- How to complete this task -
Every line from the one with "Bec LED E27, A60 12W 4000K 230V Rebel" through the last line below should be repeated exactly; pictures stay out of the copy.

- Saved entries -

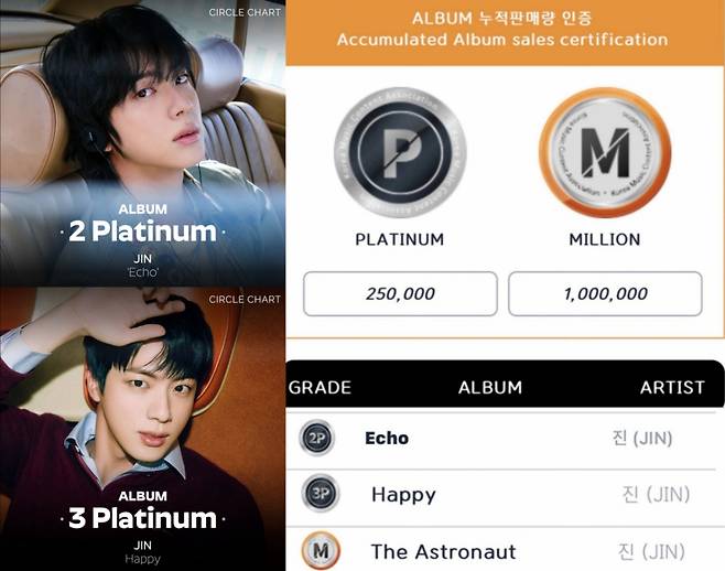 In terms of certifications, The Astronaut earned Million certification, HAPPY achieved 3× Platinum status, and ECHO received 2× Platinum certification on Circle Chart.
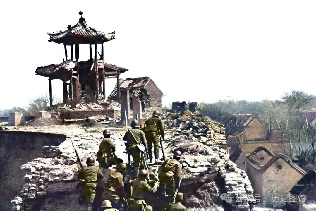 在这张照片里,日军为了攻城,使用大炮和炸药,将坚固的城墙炸开一个缺口,一股日军乘机涌上了城头。城墙内侧,百姓的房屋也受到了波及,屋顶被炸坍塌。
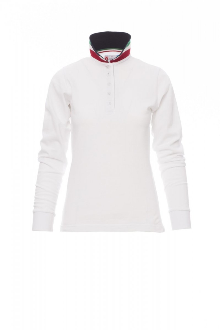 PÓLÓING_HOSSZÚ UJJÚ_Női hosszú ujjú, karcsúsított pólóing 5, színben illeszkedő, gyöngyházhatású gombbal, színben illő gallérral, kontrasztos színű alsórésszel (a zászló színei). A zászló színeit mutató hajtóka a gomb felett és oldalsó szellőzők, bordázott gallér és mandzsetta, bújtatott varrás a gallérnál, oldalsó anyagerősítés.
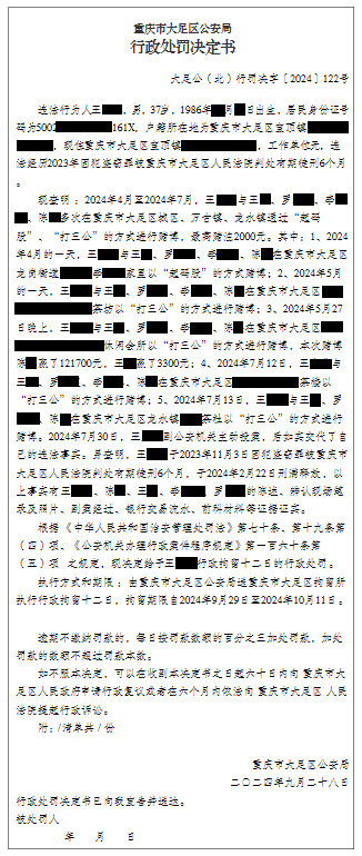 | [ 主题分类 ] | 公安 | [ 体裁分类 ] | 行政处罚 |
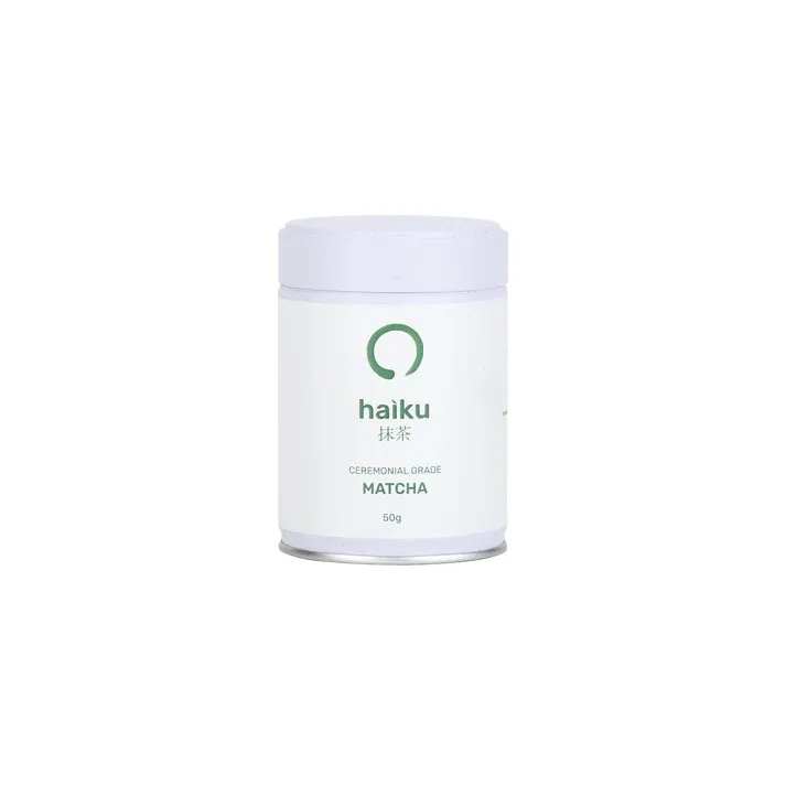 Haiku Matcha’nın 50 gramlık özel metal kutusunda sunduğumuz Ceremonial Grade serisi, sadece hasattan önceki son haftalarda özel olarak gölgelenen en taze çay yapraklarının kadim yöntemlerle hasat edilmesiyle hayat bulur. Geleneksel taş değirmenlerde sabırla öğütülen bu yapraklar, her yudumda size modern bir ritüel sunar. Neden Bu Seriyi Seçmelisiniz? İmza Renk ve Doku: Doğanın en canlı yeşilini yansıtan rengi ve damağı nazikçe kaplayan yoğun kremsi dokusuyla fark yaratır. Kusursuz İçim: Yumuşak içimi ve ağızda bıraktığı zengin, acı olmayan tadıyla en saf matcha deneyimini sunar. Özel Üretim: Gölgede yetiştirilme süreci sayesinde artan L-theanine ve klorofil miktarı, pürüzsüz bir lezzet profili sağlar.
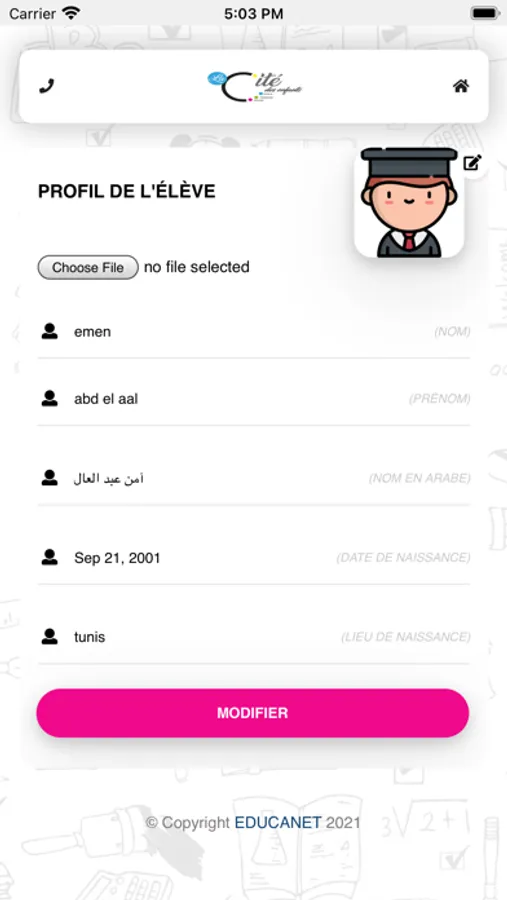 L'application Cité des enfants mobile permet au parent d'être à côté de son enfant: suivre les activités pédagogiques, recevoir des conseils du cadre de l'école, être à jour pour les évènements culturels et sportifs. Contacter l'administration de l'école, recevoir les bulletins des notes, ....Cité des enfants Mobile c'est être informé là où vous êtes... Cher parent Cité des enfants télécharger Cité des enfants Mobile et entrer votre identifiant et mot de passe disponible par sms ou à l'administration de l'école.
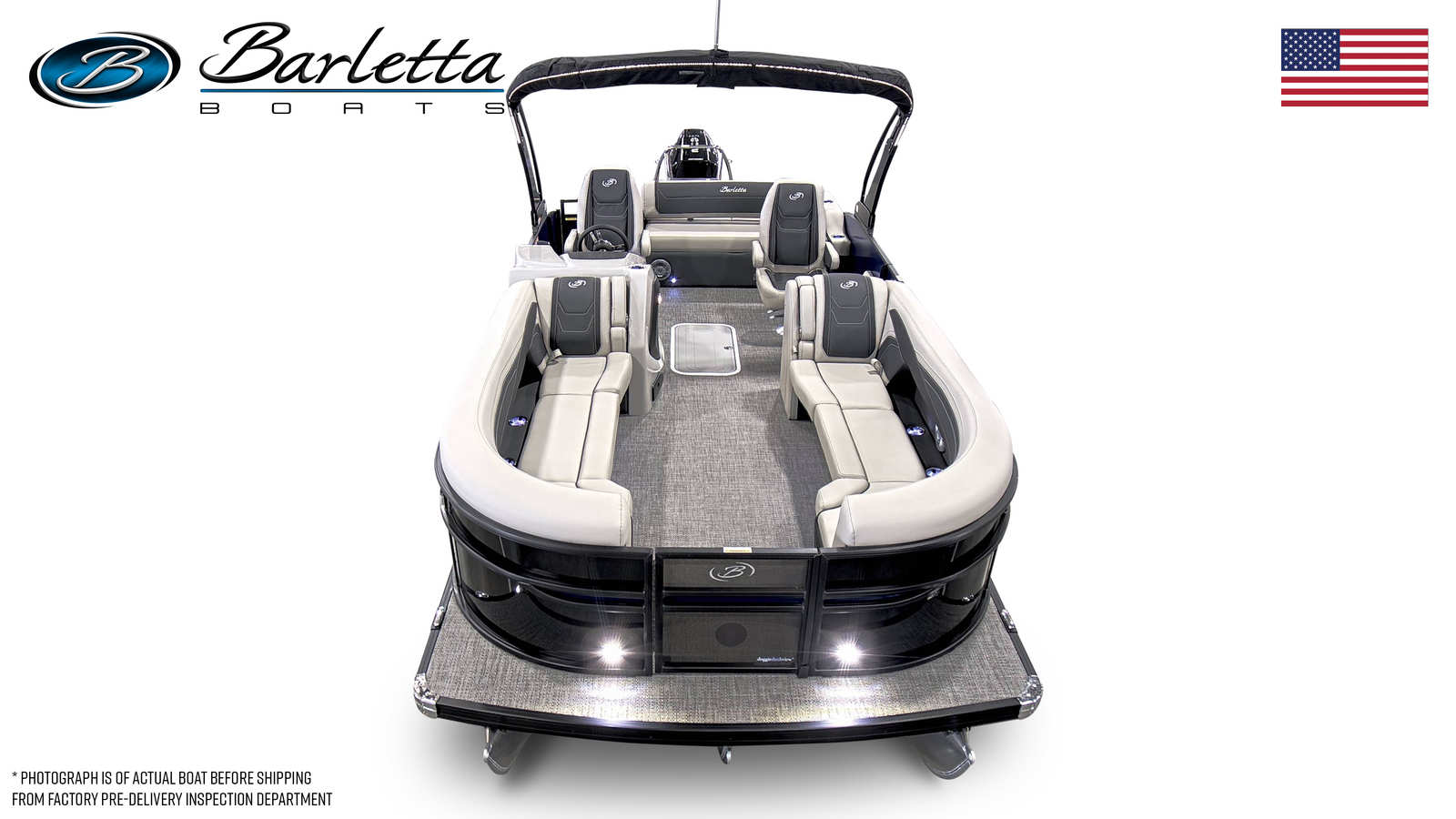 Step aboard the Barletta Cabrio C24UC and you’ll immediately notice its luxurious flooring in Amore Gray, which adds a touch of elegance and comfort underfoot. The Marquesan Gray furniture with Onyx accents creates a sophisticated and inviting atmosphere, perfect for socializing or unwinding. The Railskin color accent in Bohemian Blue provides a striking visual contrast, ensuring your pontoon stands out wherever you go.One of the standout features is the Interior RGB Lighting Package Cabrio, allowing you to customize the ambiance to suit any mood or occasion. Whether you’re hosting a lively gathering or enjoying a quiet evening cruise, the lighting package sets the perfect tone. The Triple Toon Package with midship storage maximizes stability and performance, while also offering convenient storage solutions for gear and essentials.Navigation and entertainment are elevated with the Simrad 7" G07 XSR Chartplotter/Multifunction Display, providing intuitive access to maps, navigation tools, and system controls. The stainless steel flag pole with an American flag adds a patriotic touch, while the onboard battery charger for two batteries ensures you’re always powered up and ready to go.
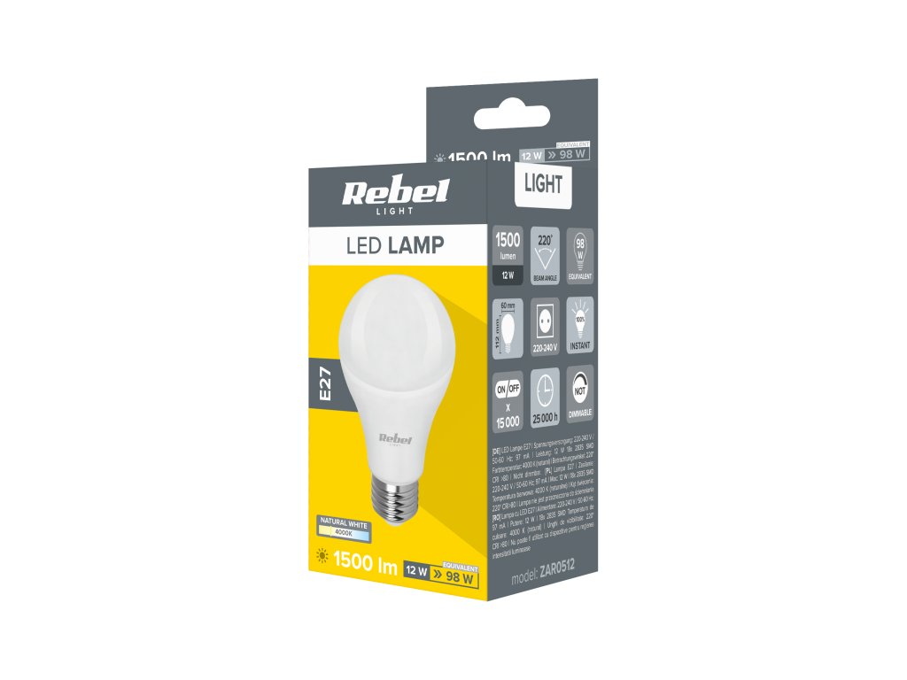 Bec LED E27, A60 12W 4000K 230V Rebel
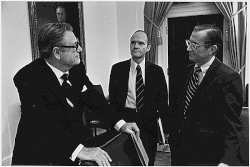 - ↑ Le , lors de la crise de la guerre du Kippour, un journaliste demande à Kissinger : « En tant que conseiller pour la sécurité nationale, comment [...] évaluez vous la gestion de la crise par le département d’État ? » Ce à quoi il répond : « Nous sommes très impressionnés, à la Maison-Blanche, par le leadership dont bénéficie le département d’État » (Nathan et Oliver 1994, p. 38).

- Written response -
 Bec LED E27, A60 12W 4000K 230V Rebel
 - ↑ Le , lors de la crise de la guerre du Kippour, un journaliste demande à Kissinger : « En tant que conseiller pour la sécurité nationale, comment [...] évaluez vous la gestion de la crise par le département d’État ? » Ce à quoi il répond : « Nous sommes très impressionnés, à la Maison-Blanche, par le leadership dont bénéficie le département d’État » (Nathan et Oliver 1994, p. 38).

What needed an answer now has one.